Archive for March, 2009

Webcams, iPhone Apps, and Google Maps

Tuesday, March 10th, 2009

Webcams from all over the world (8,000 and counting) can be found and viewed at the Webcams.travel website. Of course most of these so called webcams are actually IP cameras.


They’ve got some really neat Google integration – so much so that between that and the site logo looking very similar to the one used by Google’s own Chrome browser, the person that pointed the site out to me told me that it was an official Google site!

Some well-thought out features, like their ‘Daylight’ button feature – which captures the webcam scene at noon and allows you to view it as captured in daylight if you happen to visit the camera after dark – a neat solution to a problem I’m sure we’ve all come across.

Integration with a hotel booking provider, that lets you find a choice of hotels near the web camera you’re viewing.

Specially developed iPhone Apps allow you to integrate with the Webcams.travel website and view your favourite tourist hot spots directly on your iPhone. Some, such as WorldView, offer a free App version. Moxier World uses their API to deliver world time, weather forecasts and live views from webcams to your iPhone, iPod Touch, or Google Android phone handset.

The ability to add/embed a gadget into your website (as we have above) or even to display your favourite web camera on your iGoogle Home page.

If you’re a webcam owner you can get automatic notification if your webcam goes down, or if somebody Posts a comment to your camera’s page.

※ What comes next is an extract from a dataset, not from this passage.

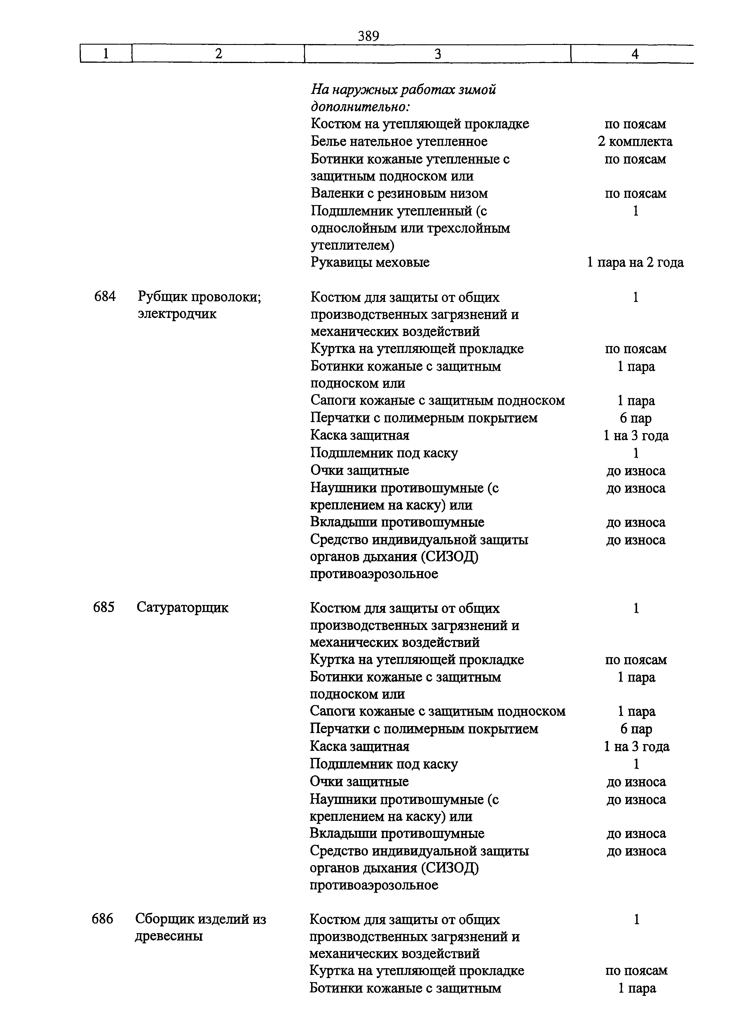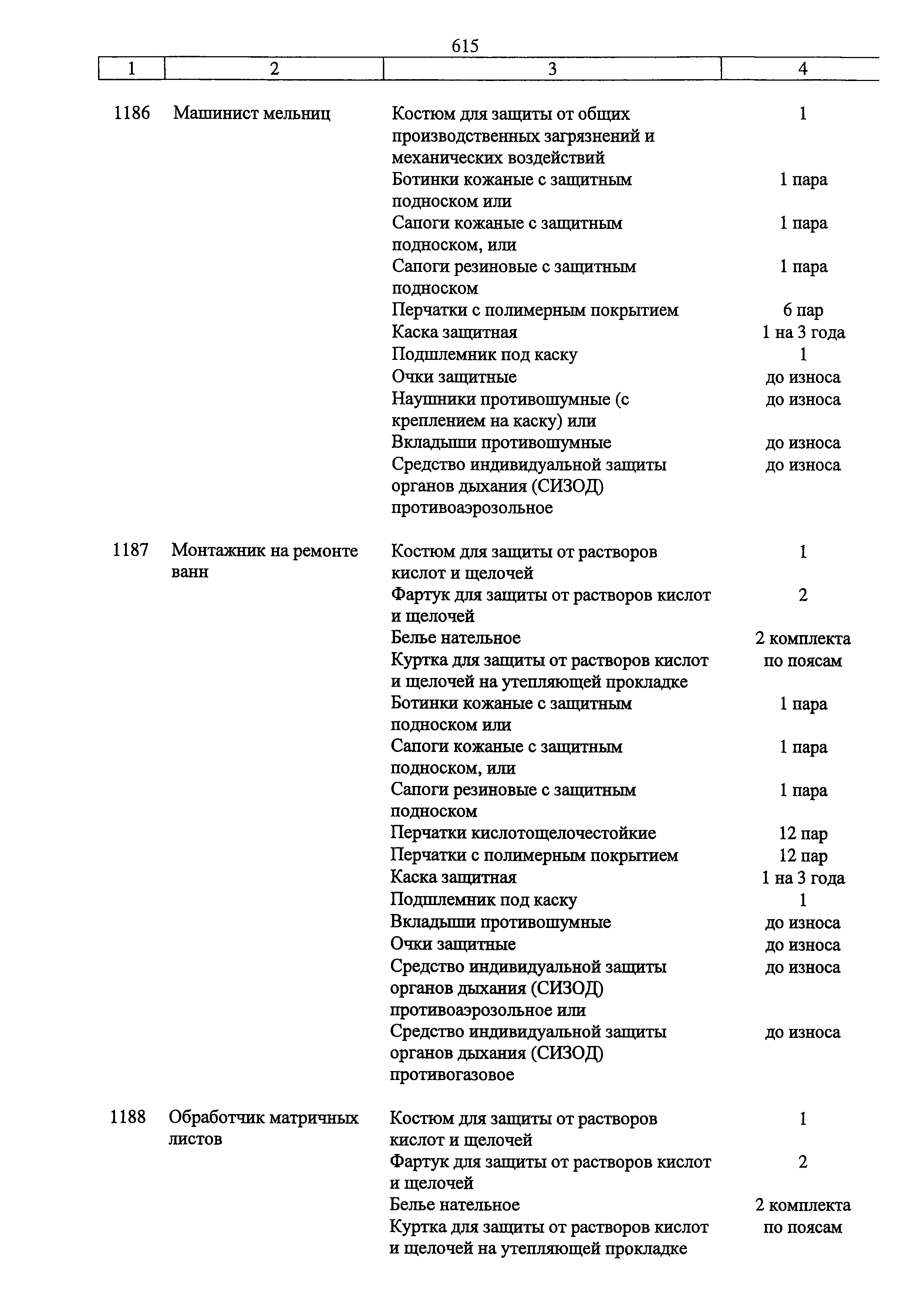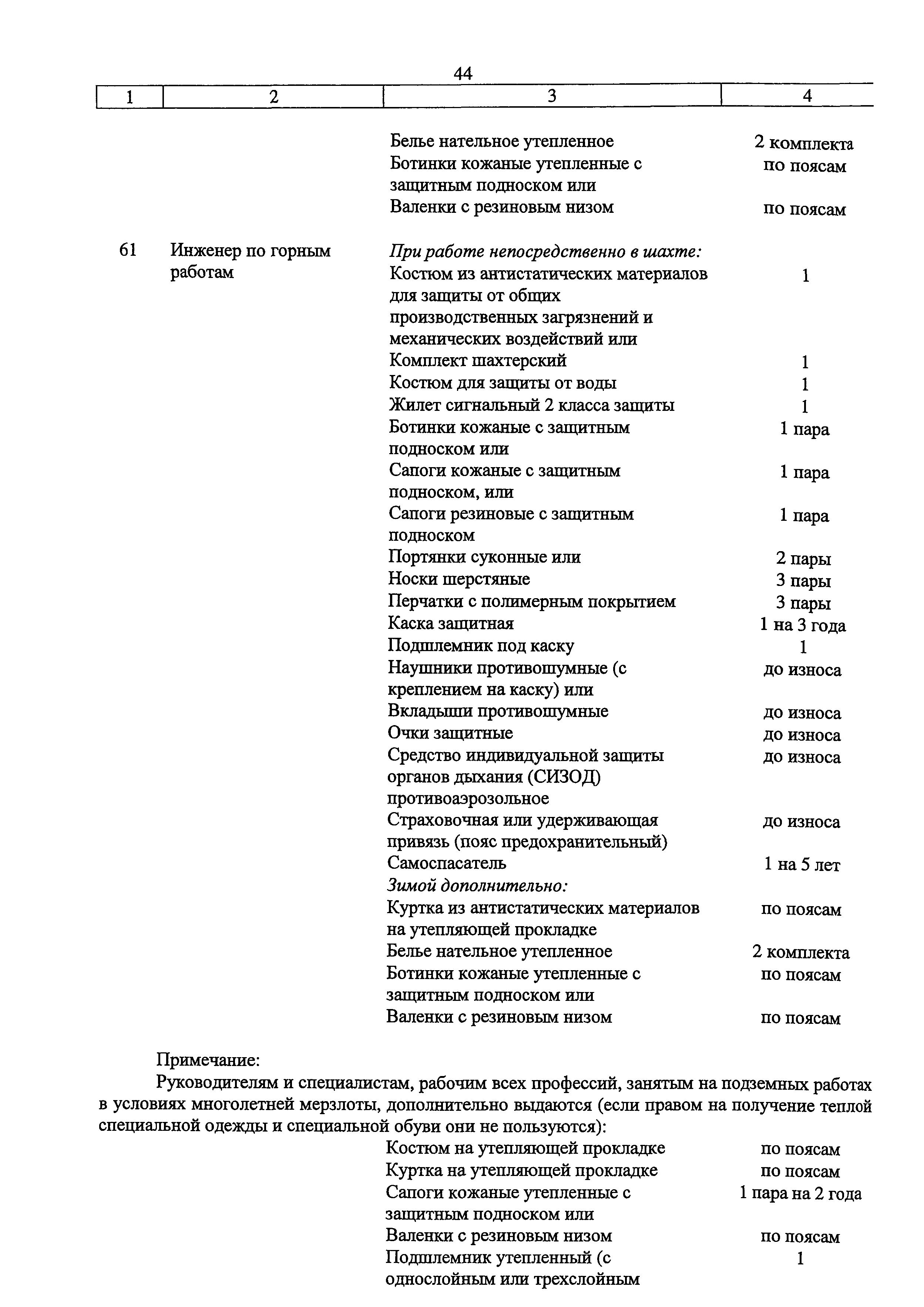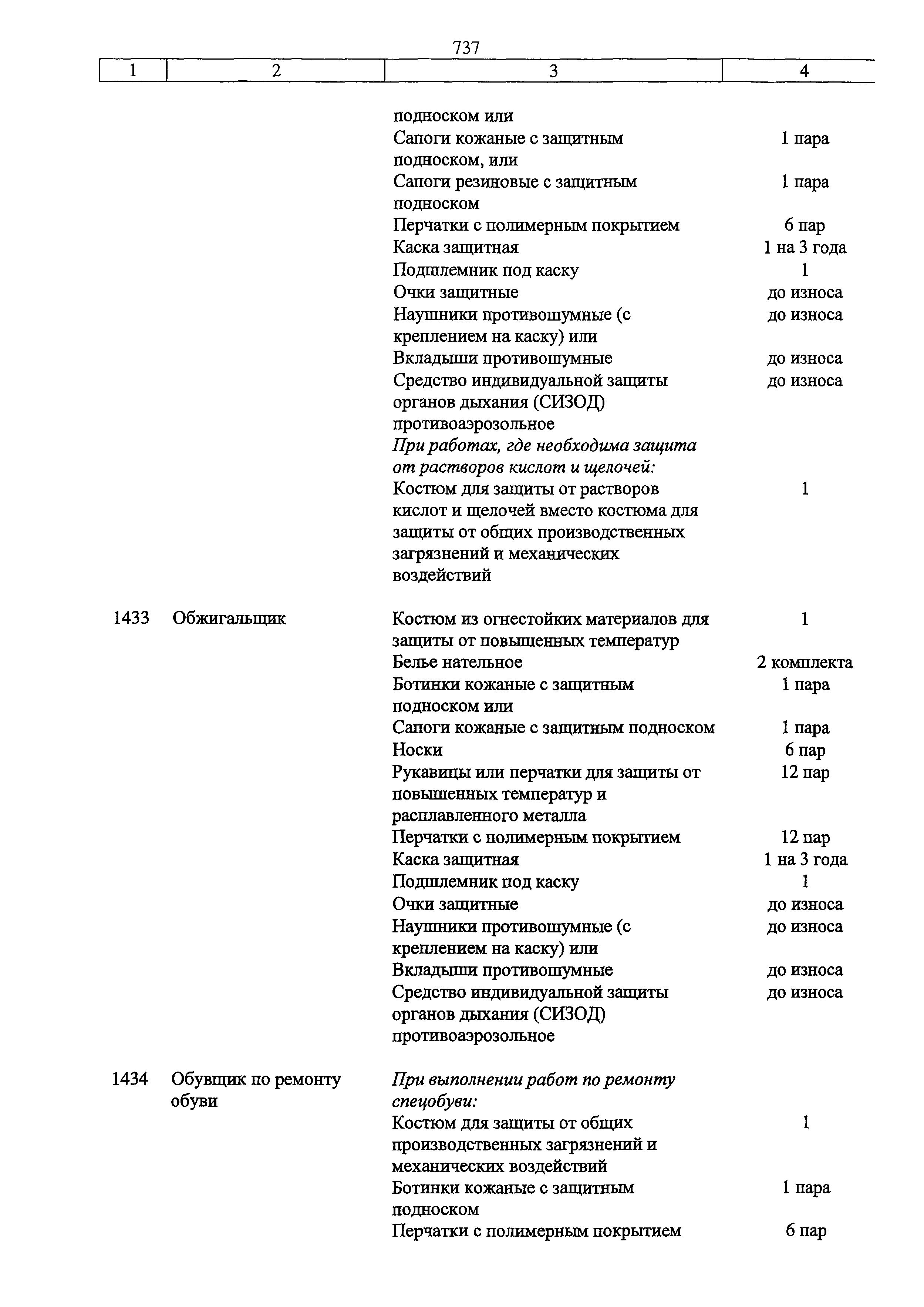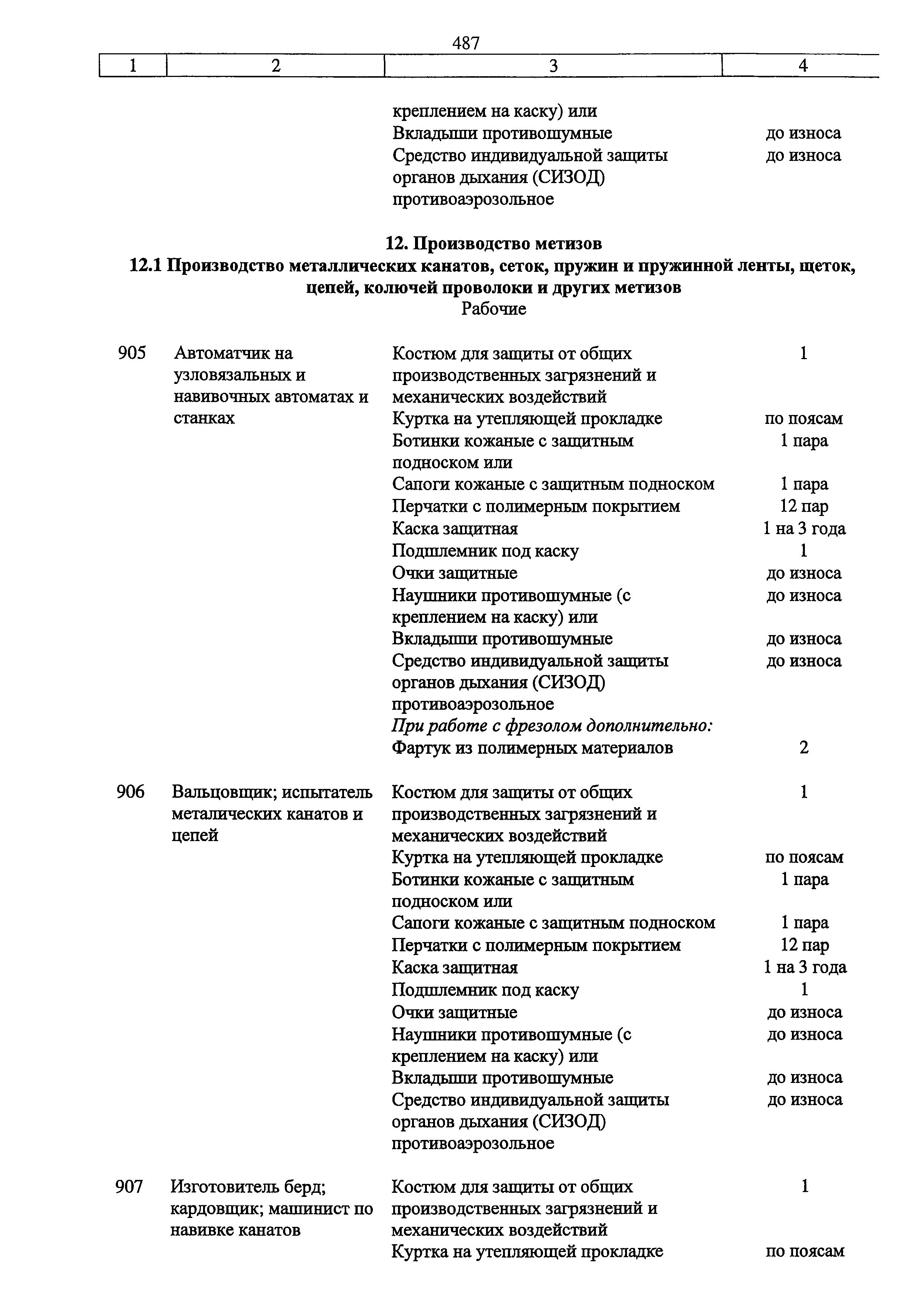 Типовые нормы бесплатной выдачи специальной одежды, специальной обуви и других средств индивидуальной защиты работникам горной и металлургической промышленности и металлургических производств других отраслей промышленности, занятым на работах с вредными и (или) опасными условиями труда, а также на работах, выполняемых в особых температурных условиях или связанных с загрязнением| Статус: | действует | | Название рус.: | Типовые нормы бесплатной выдачи специальной одежды, специальной обуви и других средств индивидуальной защиты работникам горной и металлургической промышленности и металлургических производств других отраслей промышленности, занятым на работах с вредными и (или) опасными условиями труда, а также на работах, выполняемых в особых температурных условиях или связанных с загрязнением | | Дата добавления в базу: | 01.02.2017 | | Дата актуализации: | 01.01.2021 | | Дата введения: | 14.02.2014 | | Область применения: | Нормы утверждаются локальными нормативными актами работодателя на основании результатов аттестации рабочих мест по условиям труда и могут быть включены в коллективный и (или) трудовой договор с указанием типовых норм, по сравнению с которыми улучшается обеспечение работников специальной одеждой, специальной обувью и другими средствами индивидуальной защиты. | | Оглавление: | I Горнодобывающая промышленность 1 Подземные горные работы (шахты) 2 Открытые горные работы и шахтная поверхность 3 Работа на гидравлических установках или с промывочными приборами 4 Дражные работы II Дробление, обогащение, брикетирование, обжиг, агломерация, извлечение металлов и сплавов III Черная металлургия 1 Коксохимическое производство 1.1 Углеподготовительные цеха 1.2 Углеобогатительные цеха 1.3 Производство каменноугольного кокса 1.4 Производство кристаллического нафталина, кумароновой смолы, смолоперерабатывающие цеха 1.5 Производство пиридиновых и фенольно-крезольных продуктов 1.6 Цеха улавливания химических продуктов и газовые цеха 1.7 Цеха ректификации сырого бензола 1.8 Цеха очистки коксового газа от сероводорода 1.9 Производство пекового кокса 1.10 Производство термоантрацита 2 Доменное производство 3 Сталеплавильное производство 3.1 Установки непрерывной разливки стали 4 Производство ферросплавов 4.1 Электролитическое производство 4.2 Производство электролитического хрома 4.3 Производство феррованадия 4.4 Подготовка шихты, обжиг руд и концентратов 4.5 Разливка и разделка ферросплавов 4.6 Обжиг извести 4.7 Общие профессии и должности ферросплавного производства 5 Прокатное производство 6 Производство труб (прокатка, сварка и волочение) 7 Колесопрокатное и бандажное производства 8 Валопрокатное производство 9 Производство рельсовых скреплений 10 Производство баллонов 11 Труболитейное производство 12 Производство метизов 12.1 Производство металлических канатов, сеток, пружин и пружинной ленты, щеток, цепей, колючей проволоки и других метизов 12.2 Волочение проволоки, калибровка и шлифовка металла 12.3 Изготовление волок 12.4 Холодноштамповочные и кузнечно-прессовые работы 12.5 Термическая обработка 12.6 Травление металла, защитные покрытия проволоки и извлечение железного купороса 12.7 Производство металлических электродов и порошковой проволоки 13 Производство огнеупоров 13.1 Огнеупоры 13.2 Карборундовые стержни 13.3 Высокоогнеупорные окислы 14 Ремонт

Tight integration with Google Maps. The ability to precisely re-position a webcam to its correct location in Google Maps, and even integration with Google Earth as an official layer showing all the web camera locations.

All in all, it’s an impressively well executed set of applications. They are adding 1,000 webcams every couple of months or so, and yet it is still in Beta!

It’s fascinating to sit and watch this gadget ‘tour’ the webcams of the world – simply click on the image from any camera that takes your fancy and you’ll be taken to its home page for further details and information.

CCTV clip – train hits lorry, hits man …

Friday, March 6th, 2009

Amazing CCTV clip found over at the Telegraph website:

In the dramatic footage, a train slammed into a flatbed lorry as it was crossing train tracks in the Mediterranean port city of Mersin on Feb 25.

Propelled sideways, the lorry then swept over Cem Tokac, who was standing beside the tracks.

But while the footage, released on Wednesday by Dogan news agency, showed Mr Tokac after the accident, lying motionless on the ground, incredibly the 32-year-old suffered only minor injuries.

“I can’t remember anything about the accident,” Mr Tokac said. “I thought I was asleep. But when I woke up, I was not in my bed. I was on the ground.”

Mr Tokac, who plans to marry in April, said Feb 25 is his new birthday.

“Life is really beautiful,” he said.

CCTV Surveillance Facts?

Thursday, March 5th, 2009

CCTV Surveillance Camera

CCTV camera statistics are often quoted to illustrate how we are all watched by 300 cameras a day, and how many millions of security cameras there are in the UK.

We’ve commented on these ‘facts’ previously and pointed out that they never seem to increase since we first quoted them over five years ago, and wonderment at how these numbers of installed surveillance cameras were ever established?

There was an interesting piece in The Guardian yesterday by Paul Lewis, with many links to research and the original documents that first cited (in some cases made-up) these claims.

David Aaronovitch has been snooping on statistics. His mission: to get to the bottom of the dubious claim, often quoted as fact, that the average Briton is caught on 300 CCTV cameras a day.

The statistic is fiction. Or at least was written as such when it first appeared in 1999 in the book The Maximum Surveillance Society. The author, Sheffield University’s Professor Clive Norris stated clearly in the book that the “contrived account” of a day in the life of a man called Thomas Reams was “a fictional construction” designed to mirror the reality of routine surveillance. That important detail appears to have been lost when the estimate was referenced in a landmark study for the Office of the Information Commissioner.

The original detective work of chasing these stats was carried out by David Aaronovitch in an article in The Times:

The mystery stat was sitting on one of our Times blogs and read “the average Brit is caught on security cameras some 300 times a day” and, God knows why, I just decided to chase the number down and find out where it came from. The colleague responsible for the blog referred me to a couple of news stories, and to a document issued by the office of an important and newsworthy quango.